Amazon's Disruptive Force...

...Is Industry & Asset-Class Agnostic

Scott Galloway likes to say that Amazon simply needs to make a simple product announcement and the market capitalization of an entire sector - of dozens of companies - can take a collective multi-billion dollar hit. On a seemingly weekly basis, his point plays out. Upon the announcement of the Whole Foods transaction, all of the major grocers got trounced. Upon news of Amazon building out its delivery infrastructure, United Parcel Service Inc. ($UPS) and FedEx Corporation ($FDX) got hammered. Upon news that Amazon was getting into meal kits, Blue Apron's ($APRN) stock plummeted. This week it was the pharma companies that got battered on the news that Amazon has been approved for wholesale pharmacy licenses in at least 12 states. It was a bloodbath. CVS Health ($CVS) ⬇️ . Walgreens Boots Alliance ($NAS) ⬇️ . Cardinal Health ($CAH) ⬇️ . Amerisource Bergen ($ABC) ⬇️ . Boom. (PETITION NOTE: obviously impervious - for now - are the ad duopolists, Alphabet Inc. ($GOOGL) and Facebook Inc. ($FB), both of which, despite news that Amazon did $1.12b in ad revenue this quarter, had massive bumps on Friday).* Luckily there isn't an ETF tracking doorman and home security services because if there were, that, too, would be down this week

What Galloway has never noted - to our knowledge, anyway - is the effect that Amazon's announcements have on the leveraged loan and bond markets. Remember that Sycamore Partners' purchase of Staples from earlier this year? You know...that measly $6.9b leveraged buyout? Yeah, well, that buyout was financed on the back of $1b of 8.5% unsecured notes (issued at par) and a $2.9b term loan.Ah...leverage. Anyway, investors who expected that the value of that paper would remain at par for longer than, say, 2 months, received an unpleasant surprise this week when Amazon announced its "Business Prime Shipping" segment. According to LCD News, the term loan and the notes traded down "sharply" on the news - each dropping several points. Looks like the "Amazon Effect" is biting investors in a variety of asset classes.

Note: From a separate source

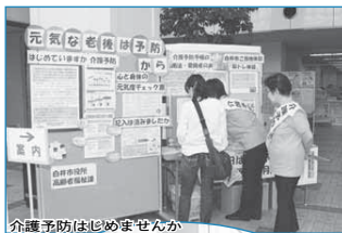
介護予防ははじめませんか

One last point: this is awesome. Maybe the future of malls really is inversely correlated to the future of (livable) warehouses. 

*Nevermind that Amazon's operating income declined 40% due to a 35% rise in operating expenses. Why, you ask, are operating expenses up? How else could Amazon be poised to have half of e-commerce sales this year?
 

Brief (and Limited) Reality Check

There's a lot of bluster in the restructuring community about Amazon, e-commerce and the death of brick-and-mortar retail. It's hard not to be sanguine about the future of retail when the bankruptcy roll is littered with names like General Wireless Operations, hhgregg Inc., Gander Mountain Co., Gordmans Stores Inc., and Vanity Shop of Grand Forks Inc. - and those are just the filings that have occurred in March.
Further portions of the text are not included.